Senate Passes USPS Fix With Controversial Requirements


The US Senate on Wednesday passed a plan that would help pull the U.S. Postal Service from near collapse while saving thousand of jobs. The plan would also help save 100 mail processing plants that are set to close next month.

The plan passed with a 62-37 vote and could potentially help save Saturday delivery.

According to Sen. Tom Carper, a Delaware Democrat, one of the Senate bill’s co-sponsors:

“My hope is that our friends over in the U.S. House, given our bipartisan steps we took this week, will feel a sense of urgency,” and “The situation is not hopeless, the situation is dire.”

In a statement released following the passing of the bill Rep.

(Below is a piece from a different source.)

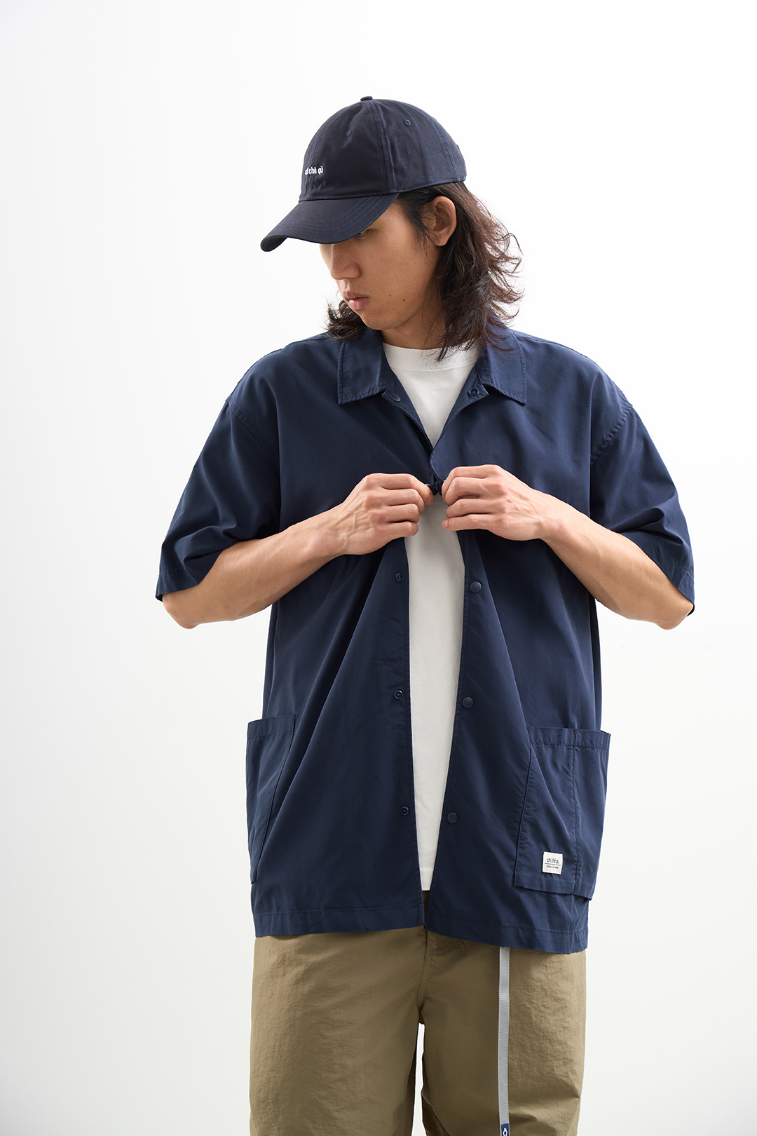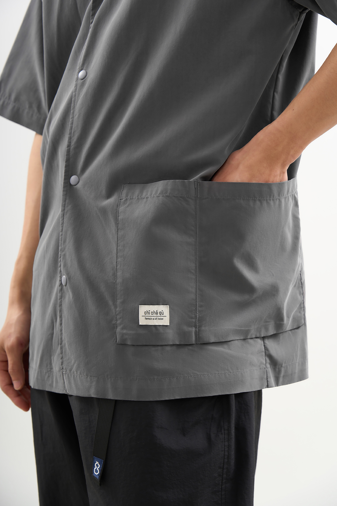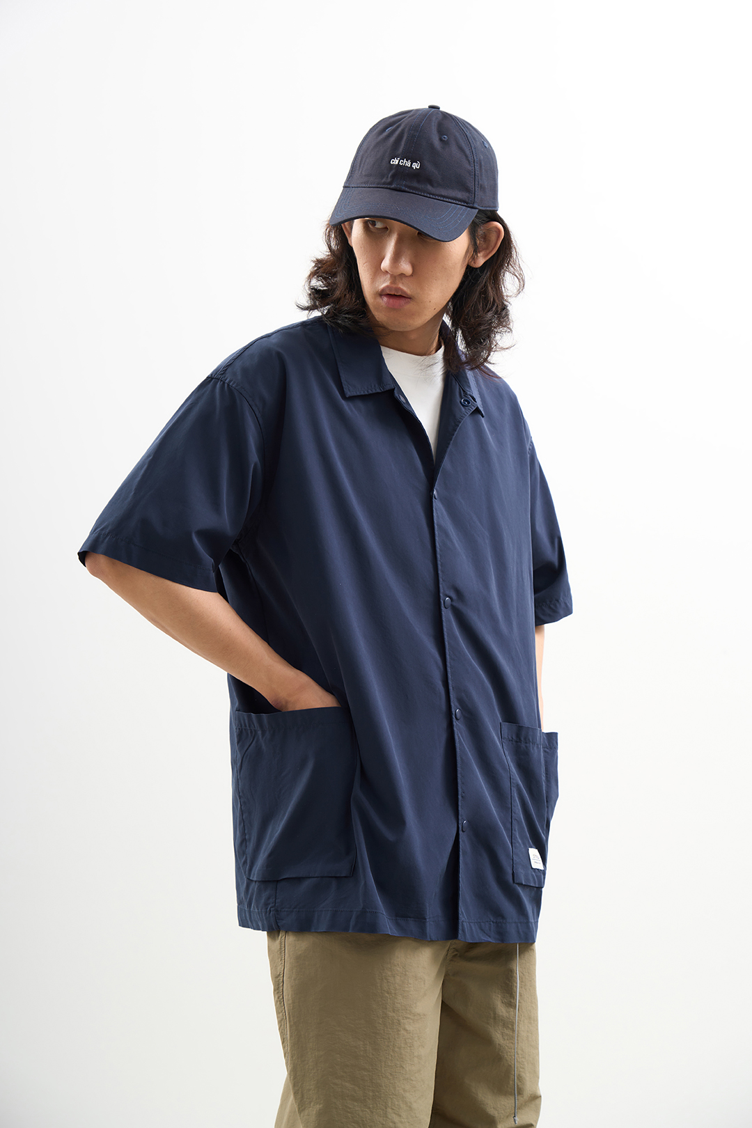 吃茶去chichaqu2024混纺天丝不对称口袋短袖衬衫宽松复古经典休闲
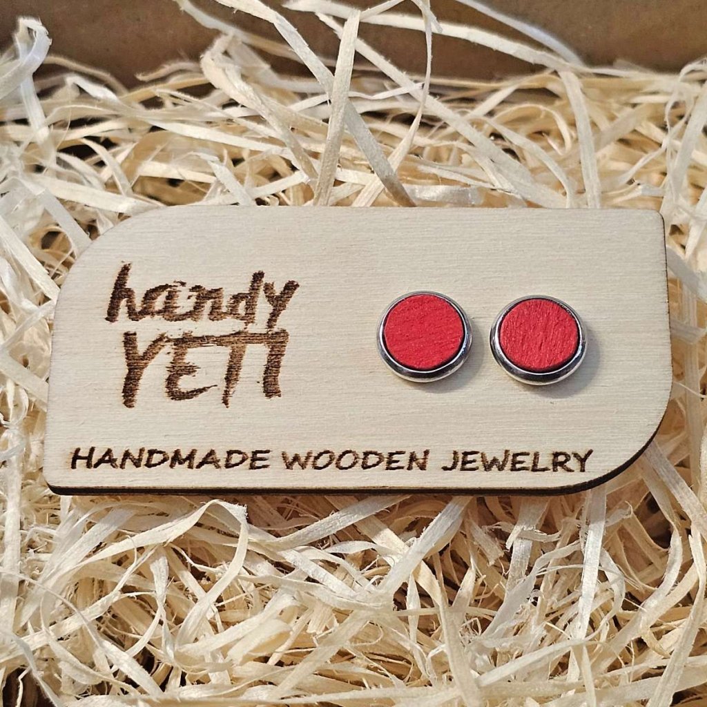 Červené dřevěné náušnice z buku v kovové puzetě – 8 mm

Darrell Issa called the senate bill “wholly unacceptable.”

The House has yet to submit a Postal Service bill of its own and Congress needed to act by May 15 to avoid the end of a moratorium on postal office closures. The Senate bill came under the stipulation that the USPS delay its moratorium closings until the U.S. House proposes a bill of its own.

Among the bills most controversial measures are cuts to workers’ compensation benefits, a transition from door-to-door to curbside delivery in some areas and the slow down of first-class mail delivery service.

In the meantime the USPS is witnessing declining mail volume, a mandate to prefund retirement and a $5.1 billion loss for the year ended Sept. 30.

The new Senate bill also caps executive pay to $199,000, compared to $384,000 paid to Postmaster General Patrick Donahoe in 2011.

According to the Congressional Budget Office the Senate bill will cost $33.6 billion over 10 years, a price consideration that is not likely to sit well with House reps.